Captive companies as a form of doing insurance business have some advantages, in particular, allow enterprises of the group that controls them to save money thanks to the reduction of the size of insurance premiums, Director General of Insurance Business association Viacheslav Cherniakhovsky said during the XVI International Carpathian Insurance Conference. In addition, he said, captive companies have the ability to establish the amount of risk remaining for them, and transfer to reinsurance only that part of it that they cannot cover on their own.

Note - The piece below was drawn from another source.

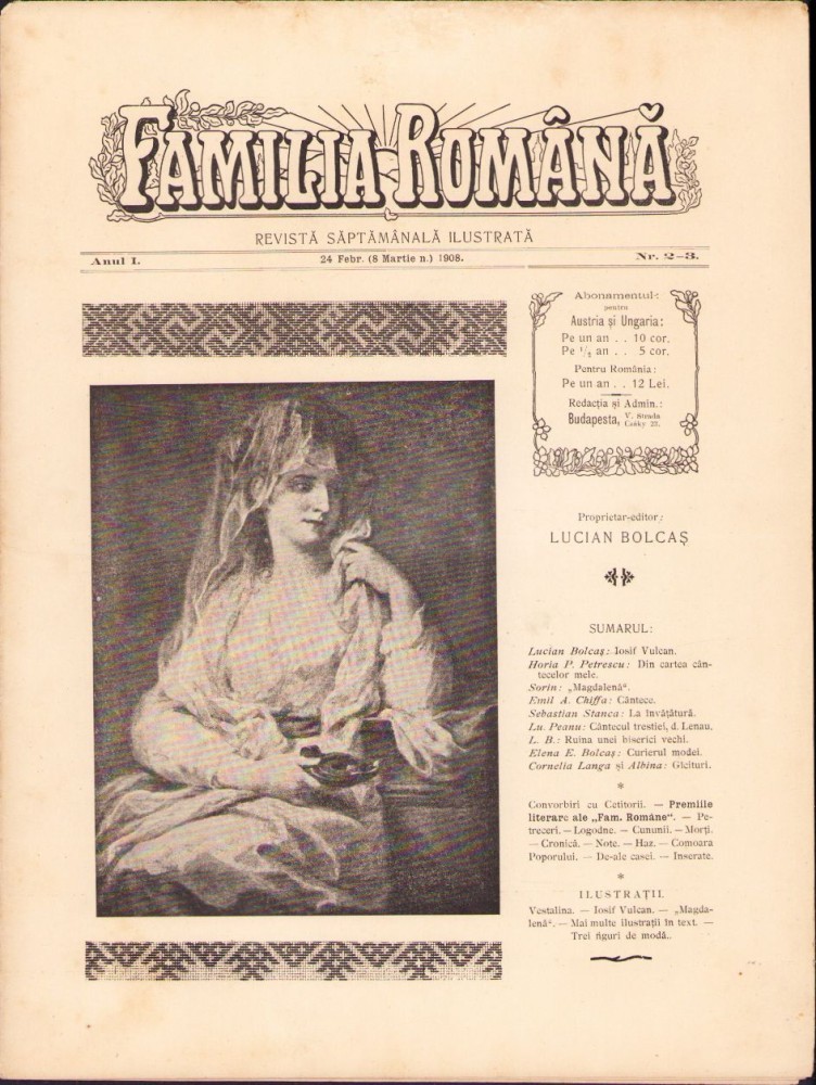Z55 Familia română, numărul 2-3, anul 1, 1908, Budapesta, proprietar-editor Lucian Bolcaș

In addition, they have an opportunity of placing part of the assets covering insurance reserves at the enterprises of their group.
The format of a captive insurance company also helps to better protect the business interests of holding companies or groups, in particular, to keep secret information about technological, production and business processes, innovations, Cherniakhovsky said.
According to the director general of the Insurance Business association, it would be advisable to legally determine the status of a captive insurance company, thus giving impetus to the development of this segment of the Ukrainian insurance market.
In his opinion, for this it is necessary to define the concept of “captive insurance company” in the new version of the law on insurance, determine the circle of counterparties (policyholders) with whom the captive insurer has the right to work on the basis of its declaration and reduce or limit the requirements for prudential supervision, similar to what is now happening in Europe, where industry structures believe that scenario analysis and stress testing are unnecessarily complex and burdensome for small and captive insurance companies.
“The main task is to choose the right model for the transformation of the Ukrainian insurance market for its development for the next decades. This applies to both the transformation of the legislative framework and regulatory policy, and the change in business models and the work of insurers,” he said.
Cherniakhovsky also highlighted a number of pan-European insurance trends that affect the situation and prospects of the industry. In particular, according to him, the requirements of the Solvency II Euro Directive turned out to be stringent even for European markets and are being revised towards mitigation, and the state and indicators of the Ukrainian insurance market differ from European countries: the insurance premium per capita in the country is less than EUR 50 per year, while the average per capita insurance payment in Europe is EUR 2,200 (data for 2017). In addition, in recent years, Ukraine has also experienced a sharp decrease in the number of insurance companies – from 407 in 2013 to 234 in 2019.
“In the current situation, insurance companies are forced to choose the right transformation model, which allows them to maintain their place in the market and provide resources for development. Among the possible options for transformation are closing or selling a business, transforming the insurance company into an intermediary, enlarging insurance company (M&A), converting to a captive insurance company,” he said.